**YOUR GOAL**: Please write out all of the data below exactly, without including the pictures.

:: DATASET SECTION

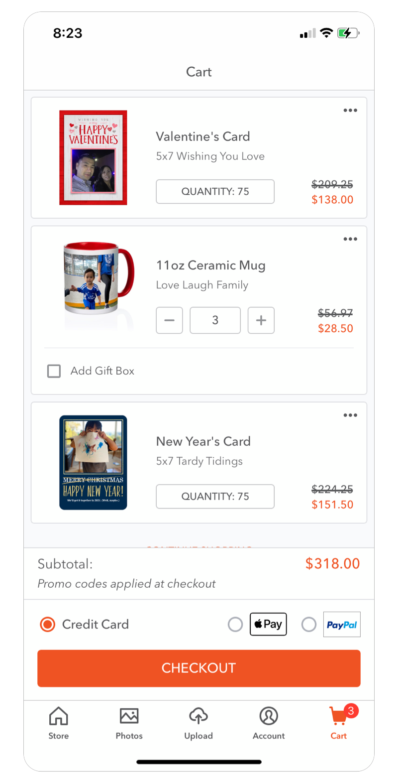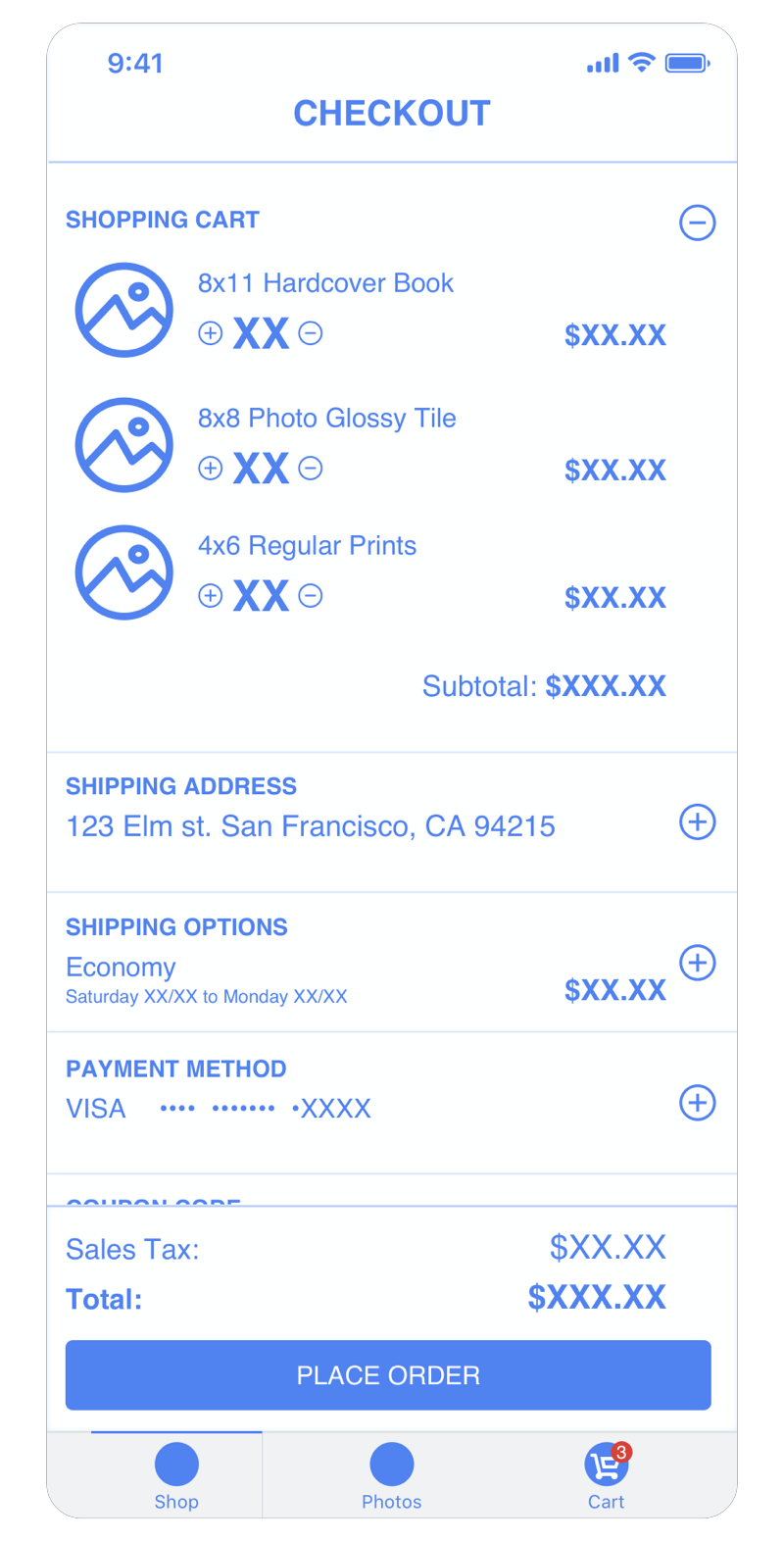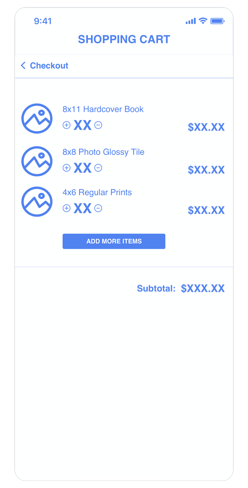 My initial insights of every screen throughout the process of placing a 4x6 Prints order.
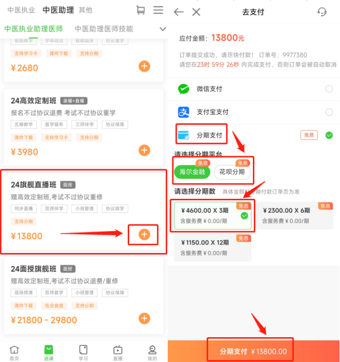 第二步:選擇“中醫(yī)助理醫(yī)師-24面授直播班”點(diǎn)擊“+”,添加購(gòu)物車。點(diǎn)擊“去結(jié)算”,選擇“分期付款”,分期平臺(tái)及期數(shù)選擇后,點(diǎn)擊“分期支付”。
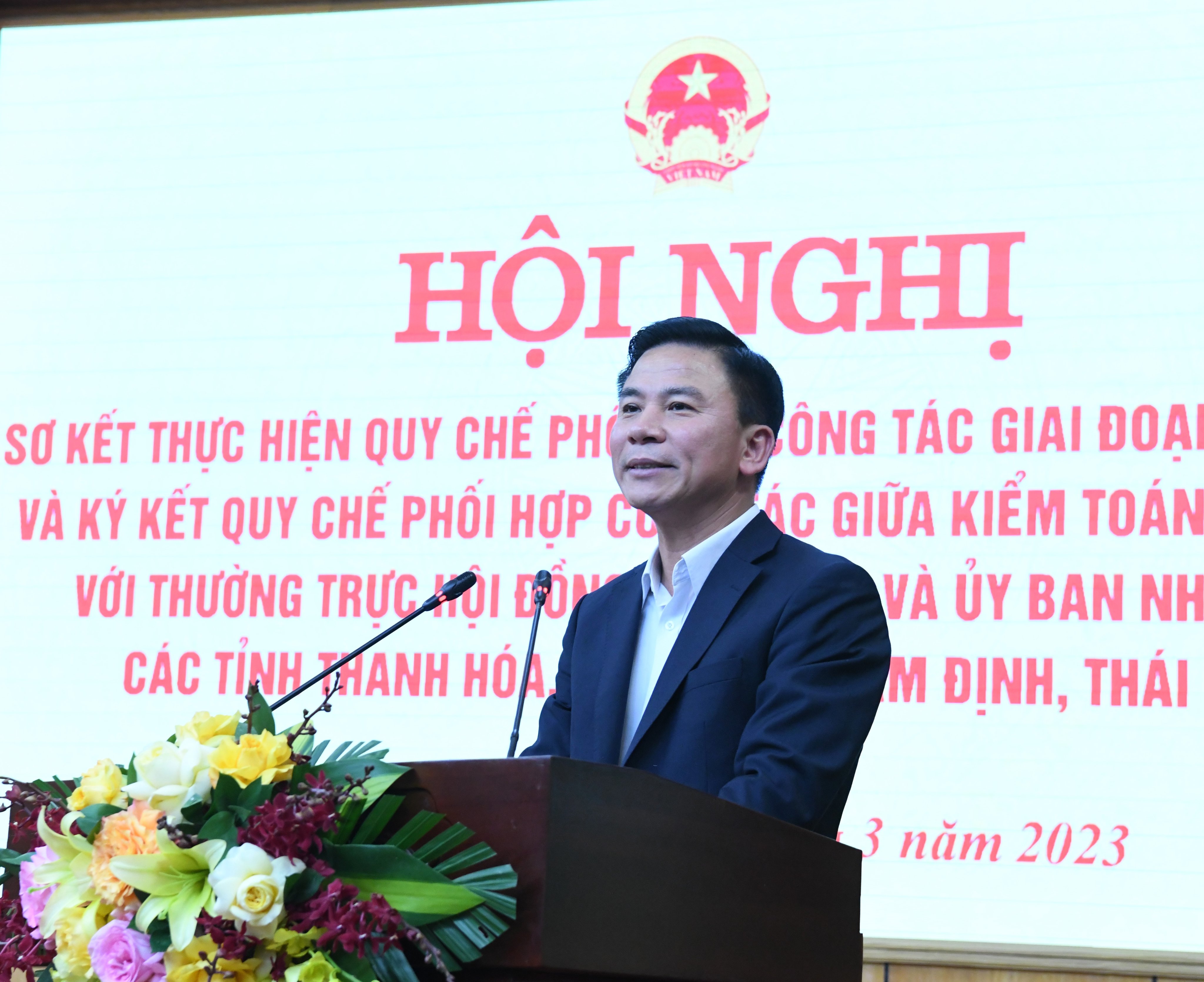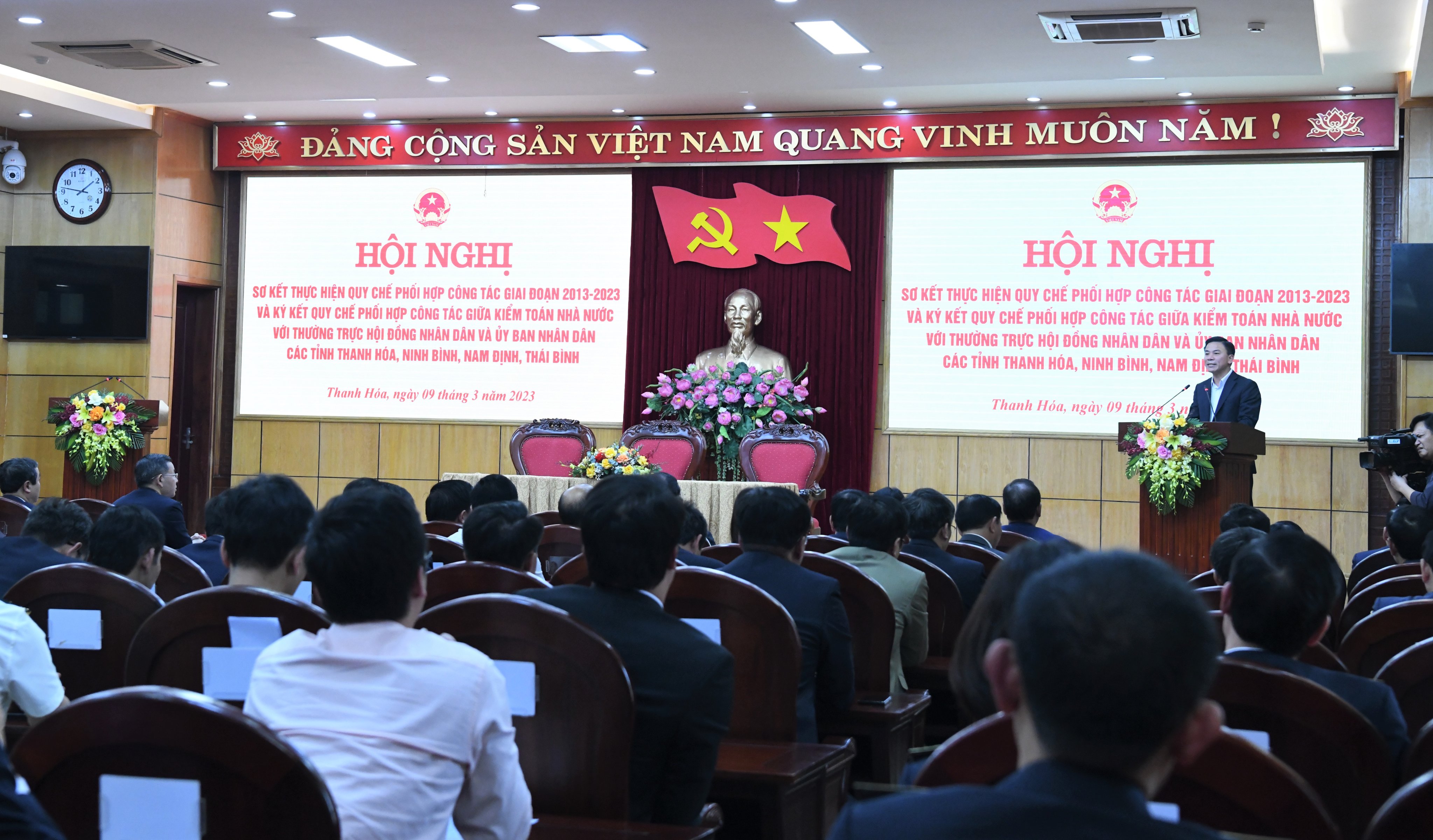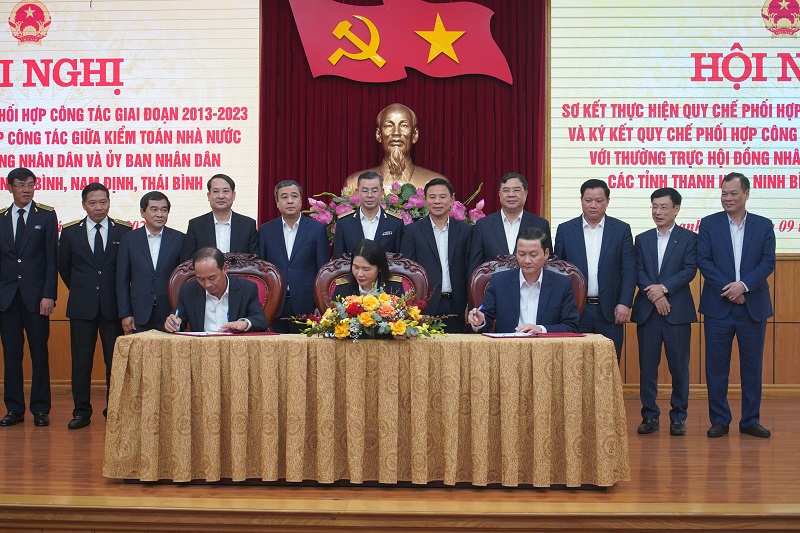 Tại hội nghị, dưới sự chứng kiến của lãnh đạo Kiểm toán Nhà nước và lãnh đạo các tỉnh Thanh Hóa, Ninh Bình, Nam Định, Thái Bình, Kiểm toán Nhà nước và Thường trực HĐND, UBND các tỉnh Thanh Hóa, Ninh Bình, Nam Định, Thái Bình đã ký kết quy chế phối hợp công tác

::::

**RESPONSE FOR THIS EXERCISE**:
 My initial insights of every screen throughout the process of placing a 4x6 Prints order.
 第二步:選擇“中醫(yī)助理醫(yī)師-24面授直播班”點(diǎn)擊“+”,添加購(gòu)物車。點(diǎn)擊“去結(jié)算”,選擇“分期付款”,分期平臺(tái)及期數(shù)選擇后,點(diǎn)擊“分期支付”。
 Tại hội nghị, dưới sự chứng kiến của lãnh đạo Kiểm toán Nhà nước và lãnh đạo các tỉnh Thanh Hóa, Ninh Bình, Nam Định, Thái Bình, Kiểm toán Nhà nước và Thường trực HĐND, UBND các tỉnh Thanh Hóa, Ninh Bình, Nam Định, Thái Bình đã ký kết quy chế phối hợp công tác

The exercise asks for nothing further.